## Task prompt
In the copy, keep every record exact and leave out all images.
====== Data for this exercise
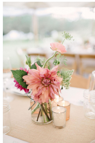
Antique Mason Jar
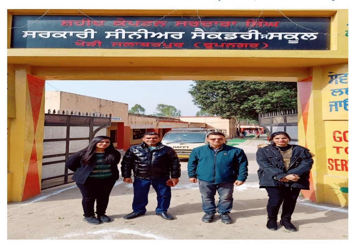
Professors During Visit To KheriSalabatpur Senior Secondary School
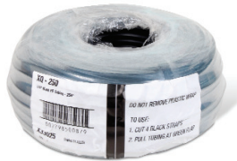
XQ-250 250 foot coil
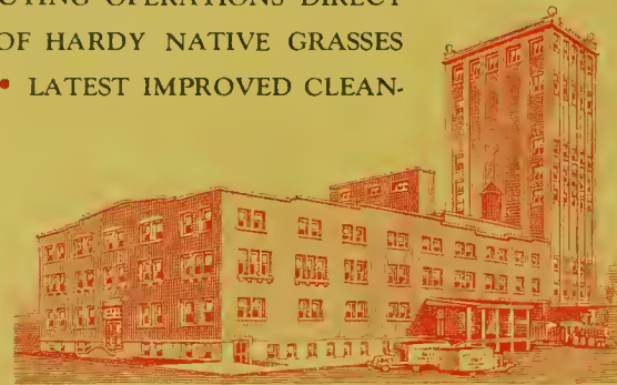
ASSEMBLING, CLEANING AND STORAGE PLANT ATCHISON, KANSAS

St. Louis—hub of trunk railroad lines to all parts of country. Served by numerous interstate truck lines. Low rates—quick service. Carlot, truckload or bag lot orders handled to your satisfaction
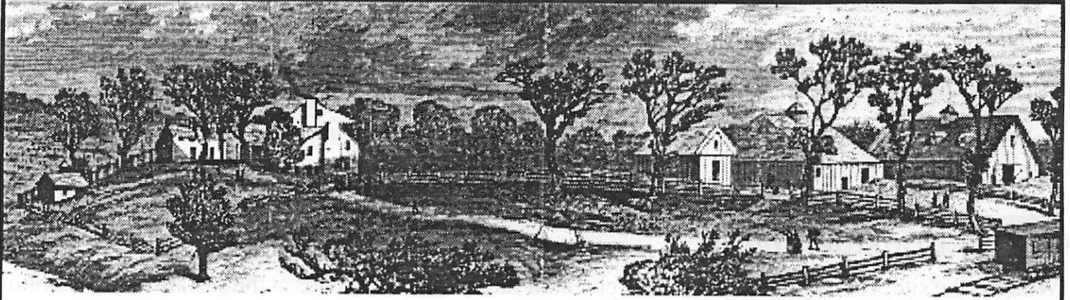
"President Grant's Farm Near St. Louis" from Frank Leslie's Illustrated Newspaper , October 16, 1875.

National Historic Site National Park Service U.S. Department of the Interior
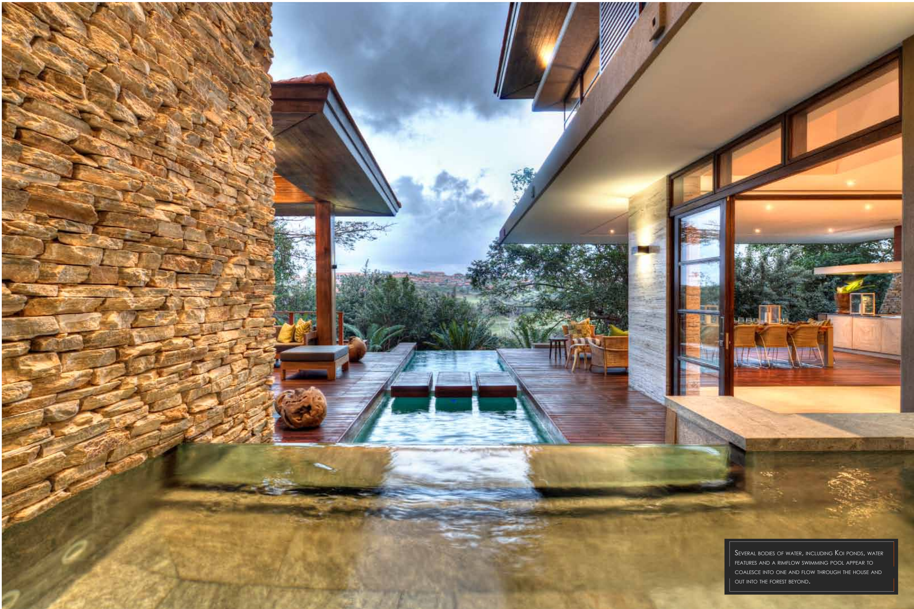
SEVERAL BODIES OF WATER, INCLUDING KOI PONDS, WATER FEATURES AND A RIMFLOW SWIMMING POOL APPEAR TO COALESCE INTO ONE AND FLOW THROUGH THE HOUSE AND OUT INTO THE FOREST BEYOND.
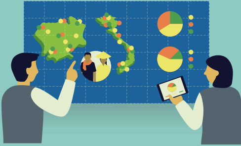
Visualizing and mapping gender data
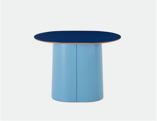
NaughtOne Tun Coffee & Side Table
============
## Your solution
Antique Mason Jar
Professors During Visit To KheriSalabatpur Senior Secondary School
XQ-250 250 foot coil
ASSEMBLING, CLEANING AND STORAGE PLANT ATCHISON, KANSAS

St. Louis—hub of trunk railroad lines to all parts of country. Served by numerous interstate truck lines. Low rates—quick service. Carlot, truckload or bag lot orders handled to your satisfaction
"President Grant's Farm Near St. Louis" from Frank Leslie's Illustrated Newspaper , October 16, 1875.

National Historic Site National Park Service U.S. Department of the Interior
SEVERAL BODIES OF WATER, INCLUDING KOI PONDS, WATER FEATURES AND A RIMFLOW SWIMMING POOL APPEAR TO COALESCE INTO ONE AND FLOW THROUGH THE HOUSE AND OUT INTO THE FOREST BEYOND.
Visualizing and mapping gender data
NaughtOne Tun Coffee & Side Table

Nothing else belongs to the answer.